Looking unprepossessing in a drab trenchcoat as she walks about a dingy loft (both courtesy of set and costume designer Santo Loquastro), the sunken-cheeked Roberts does a nice job of conveying Nan’s subtle changes in attitude towards the fast-talking Walker (Paul Rudd). It seems that her brother has major, unresolved issues with the siblings’ late father, a world-famous architect. Although Nan airs her angry opinions about Walker’s erratic behavior, she spends much of her stage time quietly listening to him confront Pip (Bradley Cooper), the son of their father’s former partner, over their closely bonded childhood and adolescence. Whether speaking or observing, Roberts has use of that mobile face the camera loves; and even without the benefit of close-ups, she can be seen constantly registering truthful responses to what’s going on. Nan grapples with the love, frustration, and puzzlement she experiences in her brother’s maddening company, and Roberts clearly communicates everything the character feels.

In the second act, which supplies the facts pertinent to what the first-act characters long to know, Roberts plays a Southern belle exhibiting a thirst for mint juleps with all ingredients eliminated except the bourbon. Lina also has a taste for the genius Theo (Cooper), but she eventually acquires a stronger taste for Ned (Rudd), a charming stutterer. During this act, Roberts finally gets to flash and then flash again that famous, multi-million-dollar smile. Curiously, however, the Georgia-born actress’s Southern accent is a sometime thing. Also, she’s still not completely comfortable on stage and spends a great deal of time with her right arm akimbo. (This gesture could be the performer’s way of handling unease, or it could be a canny acting choice that implies Nan has taken on some of Lina’s mannerisms.)

Under Joe Mantello’s smart and ever-kinetic direction, both Rudd and Cooper (who is also making his Broadway bow) give sensational performances. Rudd does an amazing change of pace from Act I, when Walker chatters compulsively, to Act II, when Ned can hardly negotiate a sentence without getting hung up on a word or two along the way. By the time the final curtain drops, Rudd has shown us two men who are alike only in their uncertainty about themselves and their prospects, the harsh irony being that the father will have an incalculable and irrevocable effect on the son.

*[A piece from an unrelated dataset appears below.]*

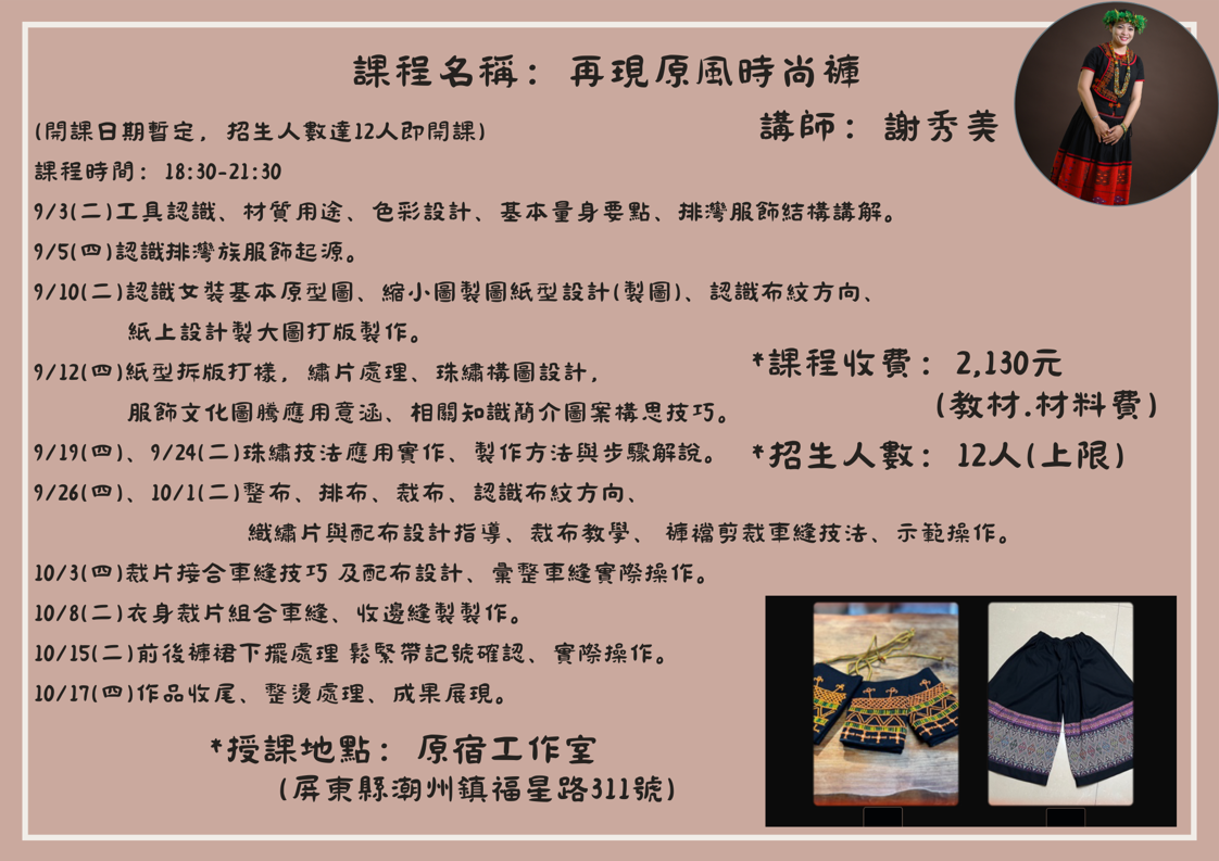本課程除了服裝設計及基本打版外更加入了閃爍的珠繡也混合織繡、圖騰,在部落文化祭典裡排灣族人原服飾中龍袍、寬褲、手套是必配的配件之一,象徵對於文化的傳承與尊重。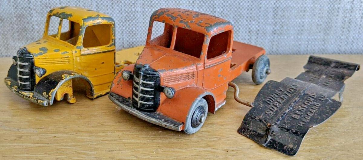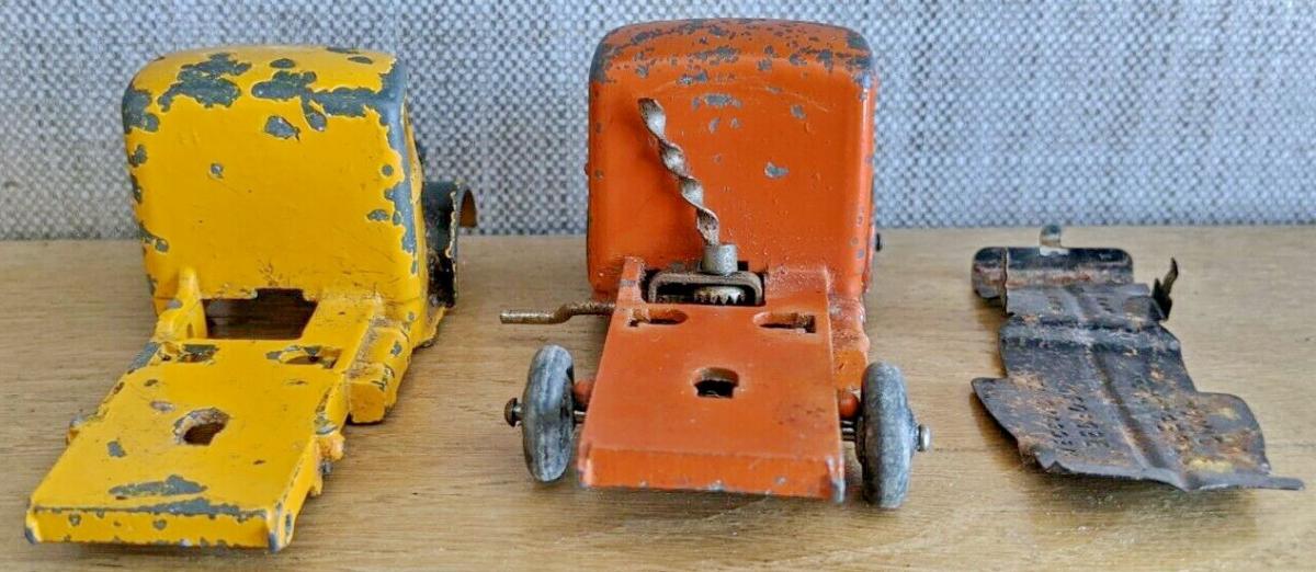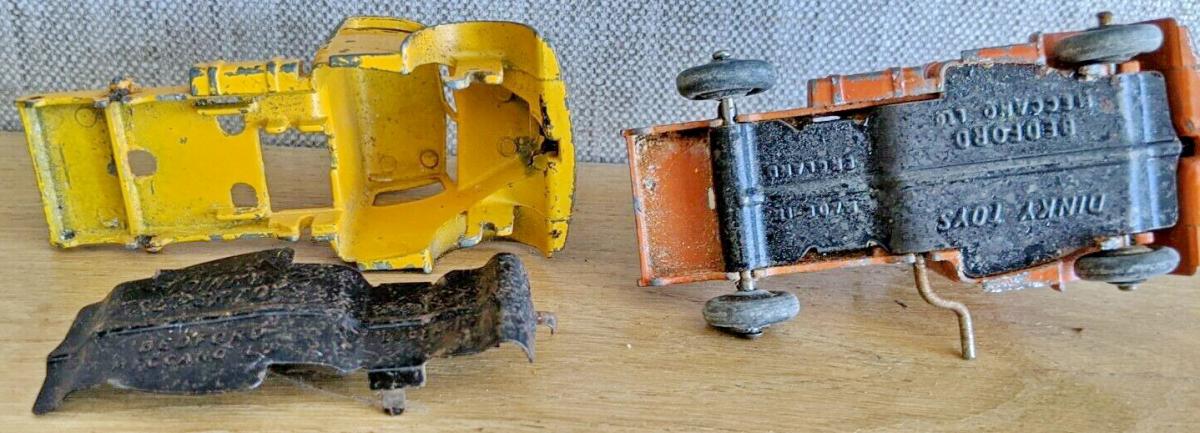 On the photos of Jan W you can see how ingenious Meccano Liverpool has designed one basic chassis for the Bedford Truck, on which 5 different Bedford models are based. On Ebay I found a stripped 521 Bedford Artic and a 1st version 25m Bedford End Tipper where this is clearly visible. In the left corner of the platform to the cabin of the 521 you can already see a casting variation (reinforcement) compared to the flat angle of the 25m. If you look closely you will also see the yellow and orange lugs on the side of the platform chassis near the rear axle to keep the hub and tire off the chassis to prevent chafing. I haven't tried it myself yet, but I think it's quite easy to remove the base plate with coupling from the truck.On the photo misses the 582 Pullmore Car Transporter, using the same basic chassis of the Bedford Truck. I found this stripped 582 Bedford Truck, also already with the reinforcement in the left corner of the platform to the cabin and the reinforcement of the fuel tank with a rectangular plate on the top. You clearly see the tabs of the baseplate fastened to the platform chassis of the truck. On Ebay I also found the coupling piece for the trailer that belongs to the 582 truck.25v Bedford Refuse Wagon was produced the longest, until 1965 (17 years!!). These Bedfords were very popular and I think Meccano Liverpool cashed much money with them.Meccano France produced in the same period and in the same way the 25 Series Studebaker (25o, 25k, 25l, 25m, 25p, 25q and 25r) and not to forget the very nice 25 Series Ford.Kind regards, Jan O

From the instant that Cooper — who has starred in the TV series Alias and Kitchen Confidential — enters as the devil-may-care Pip, an on-to-himself soap-opera actor, he holds the audience in the palm of his hand. Tall, handsome, and ebullient, he gives the kind of vital performance that has patrons missing him when he leaves the stage and brightening when he returns. Well, this is true in the first act, anyway; in the second act, Cooper is more somber as an architect who knows that he’s supposed to be inspired but can locate no sparks in himself. With his work in this play, Cooper stakes his claim to a promising stage career.

Greenberg has joked that Three Days of Rain is no longer his but now belongs to Roberts instead. The truth is that the play — all about what parents can and can’t pass along to their children — will still have melancholy meaning when other talented actors plumb its depths, even if those casts don’t attract the same amount of attention as this one.